In our studies we want to create a feasible and safety path to move autonomously our electric wheelchair in indoor environment.

The algorithm created can be divided in 3 different stages:

  1. Image elaboration
  2. Shortest path using A*
  3. Optimization with rubber band algorithm

During the first stage the path planner take the image of the map as input together to the initial and final wanted point. It elaborates the image and take care of walls, doors and size of robot in order to generate the map of the free space for the POC (Point of control) of the robot.

In the second stage the planner calculates the shortest path that connects the initial and the final point using the well-known “A* algorithm”. It returns a path that run very close to walls and with sharp corners in which the robot have to stop-rotate an then restart.
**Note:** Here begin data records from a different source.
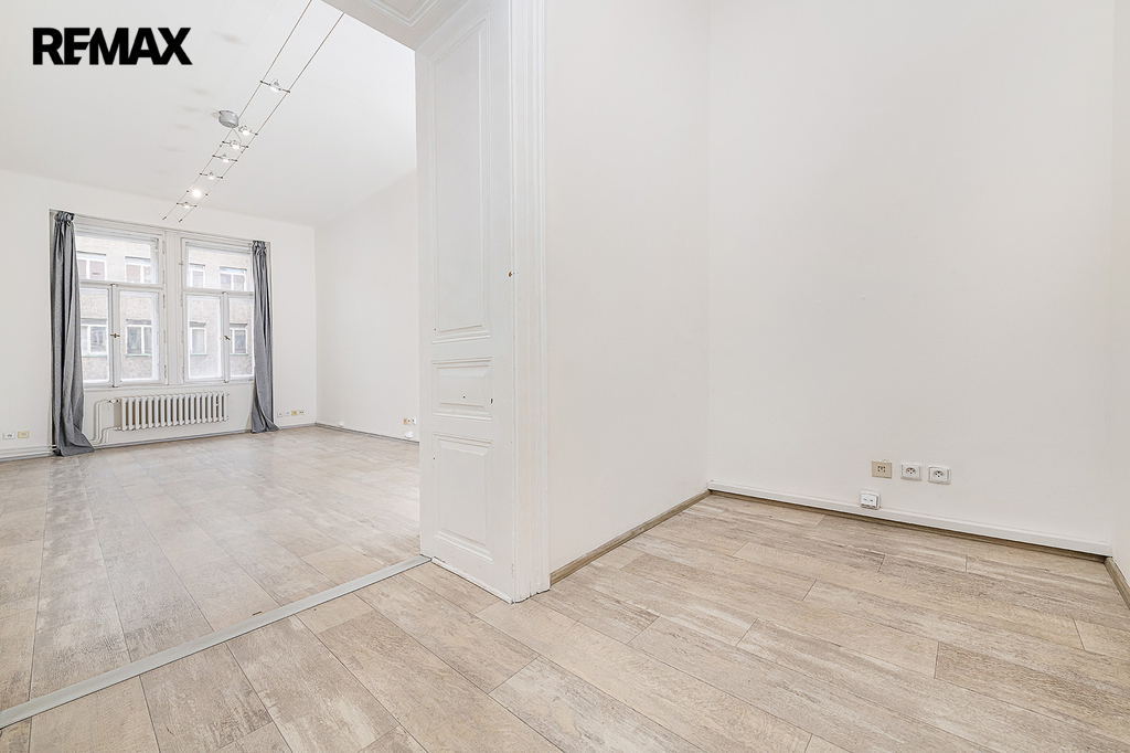 Díky velkorysé ploše a vysokým stropům nabízí byt velmi zajímavý potenciál pro vznik reprezentativního městského bydlení v atraktivní části Prahy.
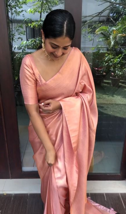 Jacquard Lichi Silk Peach Saree With Unstiched Blouse Piece
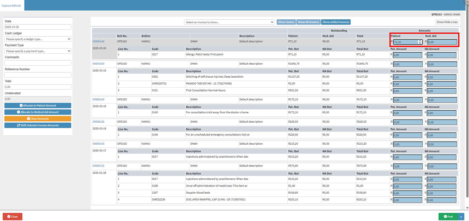 - Type in the Amounts that you would like to allocate in the relevant Pat. Amount/MA Amount fields that correspond with the Refund amount.
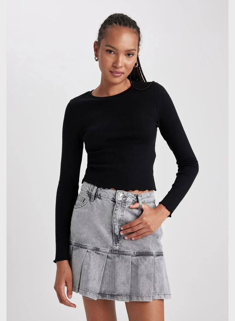 DeFacto Fitted Crew Neck Long Sleeve T-Shirt
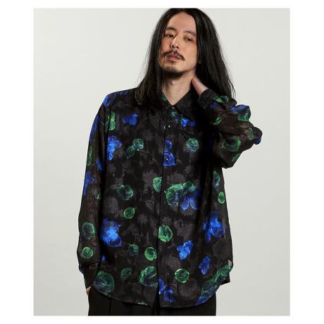 シアージャガードに咲き誇るフラワープリントが目を惹く、シアーフラワーBIGシャツ。透け感のあるエアリーな素材と、ゆったりとしたビッグシルエットが、春夏らしい軽快さとリラックス感を演出。フロント・袖のボタン使いや、緩やかなラウンドヘムも、抜け感のある佇まいを後押しします。一枚でもインナー使いでも様になる、モードと儚さが共存する一着。
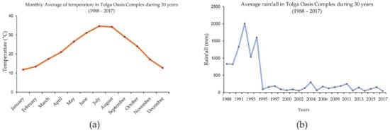 Temperature and rainfall averages for 30 years (1988–2017) in Tolga Oasis Complex: (a) Monthly averages of temperature for 30 years; (b) Annual rainfall averages during 30 years.
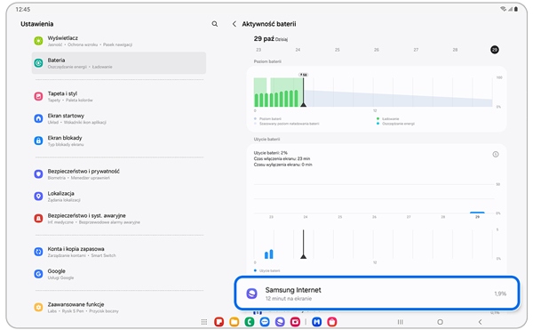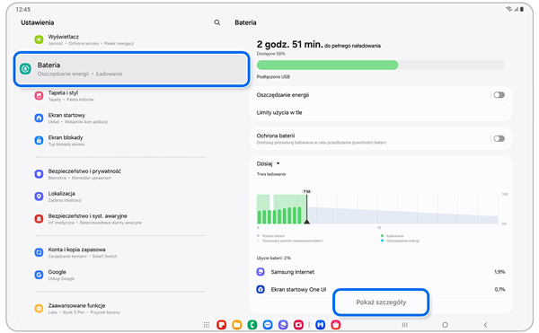 Jeśli Twój Galaxy Tab ma niski poziom baterii, aplikacje wymagające więcej energii mogą spowodować jego nieoczekiwane wyłączenie.
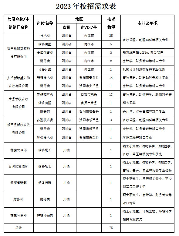 成都天府兴新鑫农牧科技有限公司2023年招聘高校毕业生工作已全面启动,欢迎应届高校毕业生应聘我公司。现将有关事宜公告如下。
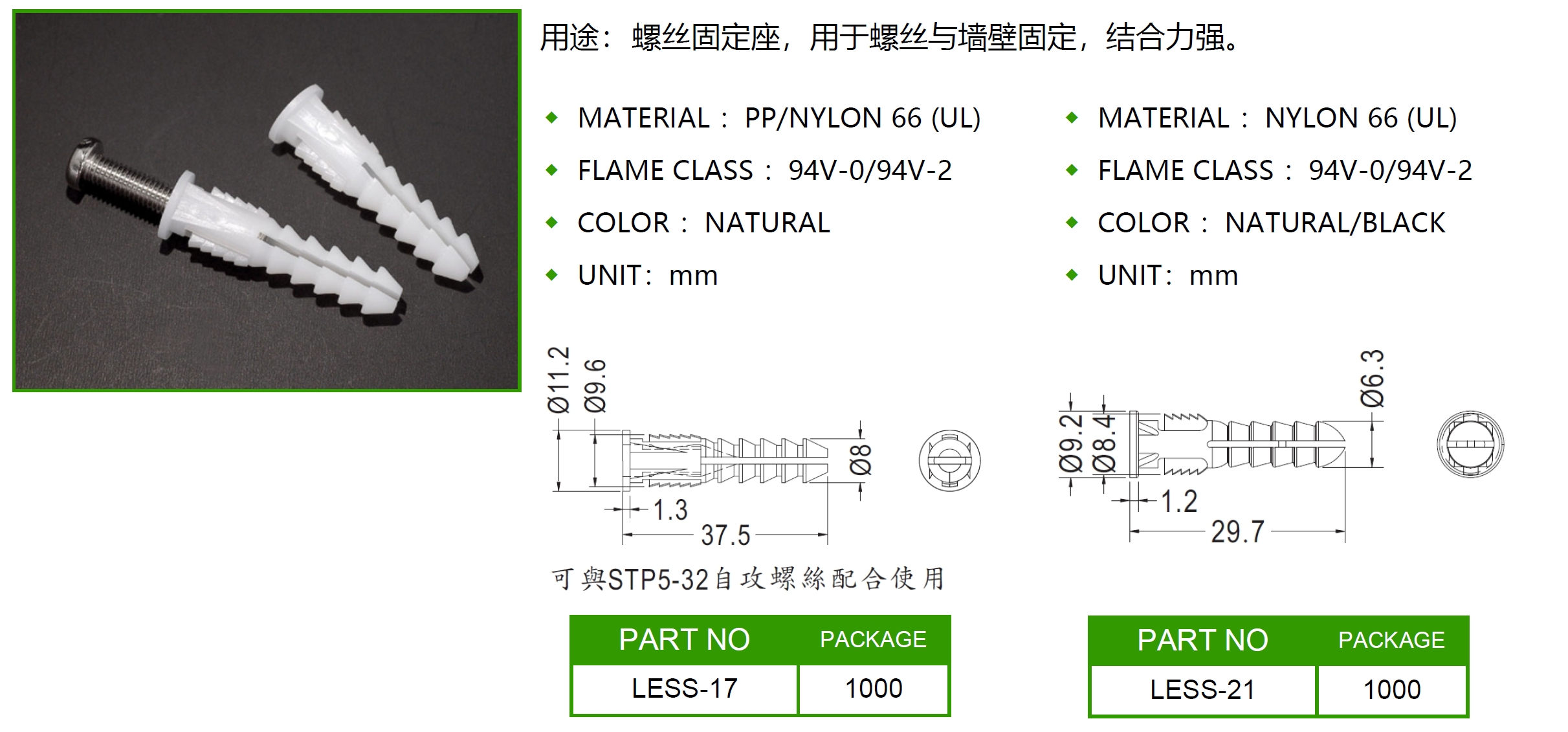 螺絲固定座 LESS-17 LESS-21
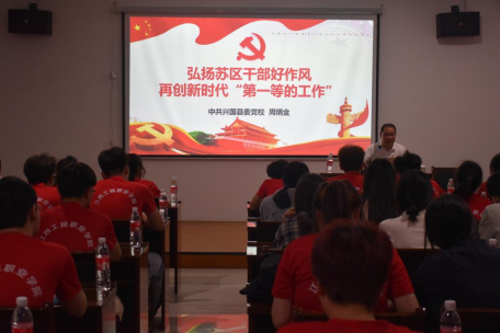 4月28日上午,中共兴国县委党校周炳金老师以“弘扬苏区干部好作风”为题为学员们上红色专题党课,党课概述了苏区的形成与发展,列举了“苏区干部好作风,自带干粮去办公,日着草鞋干革命……”的事迹,体现了苏区干部的艰苦朴素及优良作风。周炳金老师告诫大家作为青年优秀骨干,要不断提升自己的政治素养,学习红色历史,赓续红色精神,时刻注意自己的言行举止,发挥好优良的“传帮带”作用,续写时代华章。

Therefore a stage of optimization is needed. The revisited version of the rubber band algorithm is used for this task.

The path obtained from the previous stage is turned into a series of masses and springs while the walls create a potential field of repulsion. Every single mass now sense the elastic force and the potential field, this leads to a movement of every single mass in it’s point of equilibrium.

Setting properly the stiffness of the springs leads to obtain a path that is far away from the walls and w/o discontinuity in the graph of the curvature.

All of this is not enough for us. Another important task is to generate this path in a very fast way. So, the algorithm was optimized even in this sense and, at the end, it produces outputs only 300 milliseconds after input received.

For testing the whole work were created three different application:

  • A console application (for friends it’s the NERD application) in which all commands and communications are written in white over black;
  • A console application (for friends it’s the NERD application) in which all commands and communications are written in white over black;

  • A Unity based Virtual reality application in which you can see a virtual wheelchair that follows the path from the previous position to the selected final point.

The optimized path is visually better than the A* path even if it’s a bit longer. Viewing the graph of Curvature over distance, is easy to see that the blue line (optimized one) is smoother and with maximum absolute value lower than the yellow one.

The last graph is showing the comfort perceived by the user seated on the wheelchair. You can see that the wheelchair is very comfortable at a speed of 0.2 m/s.

Thanks for reading and remember… Don’t try this at home!